Asian Security and China: 2000-2010
The economic, military and political rise of China in the last two decades has been followed by a new wave of literature on the 'Middle Kingdom'. In particular, there are writings which apprehend that a rising China will have disastrous consequences for Asian security. The book under review, however, attempts to play down any such geopolitical eventuality. 'The China threat theory' that has been so dearly nurtured by Western Sinologists is missing in this book. Instead, much has been written upon the evolution of China as a cooperative partner in Asian security ventures.
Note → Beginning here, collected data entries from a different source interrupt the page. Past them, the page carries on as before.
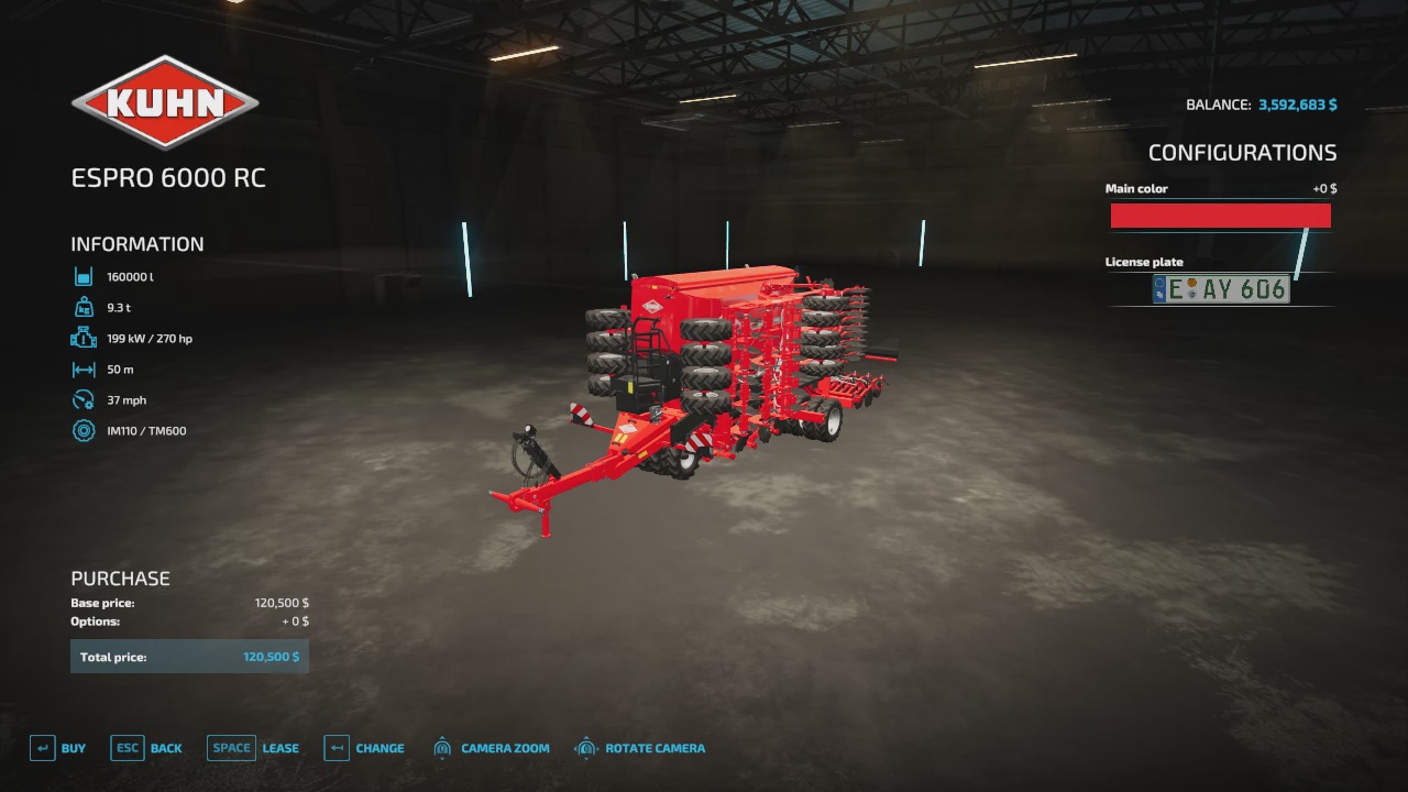 Mod Kuhn Espro6000RC v1.0.0.0 for Farming Simulator 2022 Multifruit Seeder Capacity - 80 000 l Working speed increased Working width - 50m
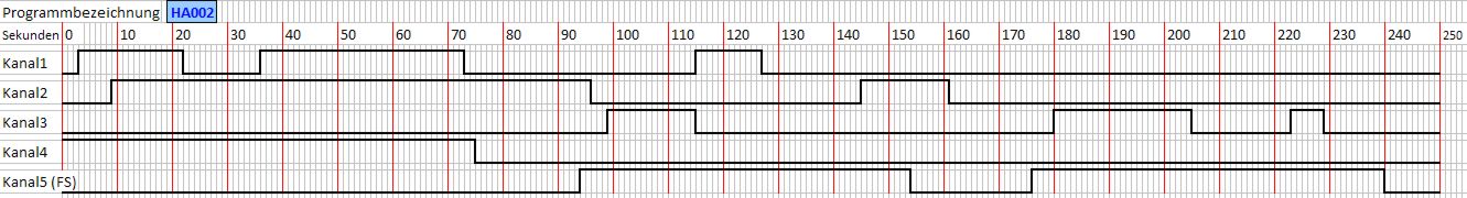 Etwas weiter oben befindet sich der Download einer Zeitdiagrammvorlage. Nach dieser Vorlage wird ihr Programm erstellt. Alternativ zur Vorlage können auch die Schaltzeiten übermittel werden. Jeder Kanal kann maximal 10 mal innerhalb eines Programmablaufs schalten. Wie ein Zeitdiagramm ausschauen kann sehen sie unterhalb des Produktbildes. Anklicken zum Vergrößern.
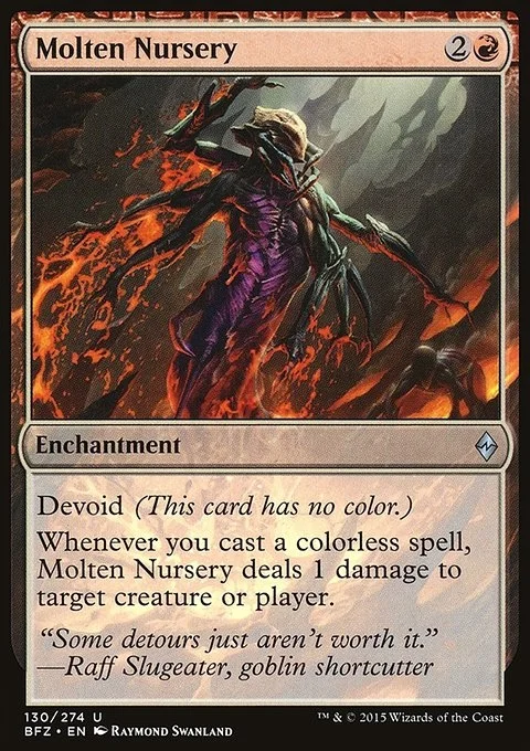 Devoid (This card has no color.) Whenever you cast a colorless spell, Molten Nursery deals 1 damage to any target.
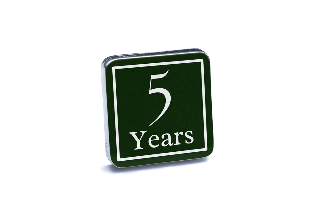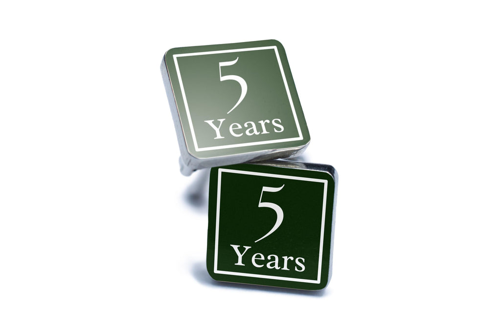 - UV printed green and white design featuring a simple and elegant '5 years' motif

The book is the end product of a conference. The good thing about the book is that it has contributions from people with diverse background: statesmen, policymakers, serving and retired diplomats, academicians and even scientists. The bad thing is that the book includes all sorts of papers: speeches, articles, short papers, long papers, well-researched, under-researched etc. Some of them have footnotes and references. Others probably don't believe in this art. The book is neatly organized. And although some of the chapters deal with the 'Asian security' theme, most of the chapters are a re-work on China's bilateral relationships. And there are some chapters which are not needed at all.
As the first part of the book reveals, Asian security, despite a proliferation of numerous security architectures, is beset with two contending approaches. On the one hand the United States, the practitioner of 'realism', still relies on unilateral actions and takes occasional help from allies to give a legal face to its actions. As against this, the Asian nations are still in an evolutionary stage, although they are close to the European 'institutional' approach. China is also in a learning stage experimenting with new concepts and institutions meant to usher peace in the region. It is willing to cooperate with the other key player in the region- the United States on key regional issues. Even on the crucial question of Taiwan, China is following what Arthur Ding calls in one of the chapters a 'triad' theory. The triad theory is that "economic development, re-unification with Taiwan and Chinese national revitalization are tied together".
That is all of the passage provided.